Sharpening Your Short Poems

(First published on ThanetWriters.com on 2018/05/03 by Connor Sansby)

Within poetry, the hardest thing to write is a short poem. There’s something magical about the laser precision in the shortest of poems. It might be that you can easily recall the whole thing, allowing you to fixate on the perfection of the single image. Alternatively, it’s the endless labour that’s gone into every syllable, like compressing fist-sized lumps of coal to form the smallest diamond.

Often, I read a two-line poem and I’m left feeling a sense of pity. A line may have hung too long, or a certain word could have had the slightest imperfection. In longer poems, it’s easier to build a complex image by stacking lines until the desired effect is achieved but when language is scarce, the selection of each word must be more considered.

Forms such as haiku are beautiful in their delicacy but to create a truly great poem in a confined space is a work of labour equal to far longer poems.

For an example of a powerful, carefully cultured poem, consider ‘We Real Cool’ by Gwendolyn Brooks.
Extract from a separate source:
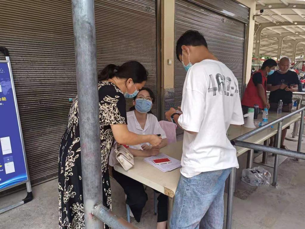 我主要是做信息录入工作,信息录入并不复杂,可以通过扫码或者将检测人的信息输入系统完成。难的是,帮助填写信息的志愿者们,要顶着太阳,外面还有蚊虫叮咬,还有医护人员,几个小时的班,穿着防护服,是不能上厕所的。

It’s a master-work of syncopation that at first glance seems effortless. The use of “we” at the end of each line creates a steady though uneven rhythm that prevents the reader from guessing the morbid ending, as well as adding an element of jazz music to the pool hall that poem is set in. ‘We Real Cool’ covers a range of themes including Youth and Rebellion, Mortality, Morality and more, and it covers all this within 24 words.

In short poetry, every word holds a more substantial mathematical weight. A single bad line hidden amongst ninety is statistically unnoticed and quickly drowned out by the context of following lines but when only two lines cast the whole story, a single word that doesn’t fit becomes so much more noticeable, creating an imperfection that ruptures the piece.

Short poetry should justify its brevity, lest it be lazily written. Think why this poem should be so short and refine it. Sometimes, it’s not even a matter of finding the right words; sometimes the space and the silence around the poem can hold as much weight as words themselves. Sometimes, we have to build a poem in such a way that the rest of our setting is hidden inside other words and consider where we can hide other layers.

Writing short poetry trains your inner editor brutally and in time it reinforces your longer work by forcing you to consider the parts as much as the whole. Short poetry is a race-car built of premium components, or perhaps it is the sharpest edge.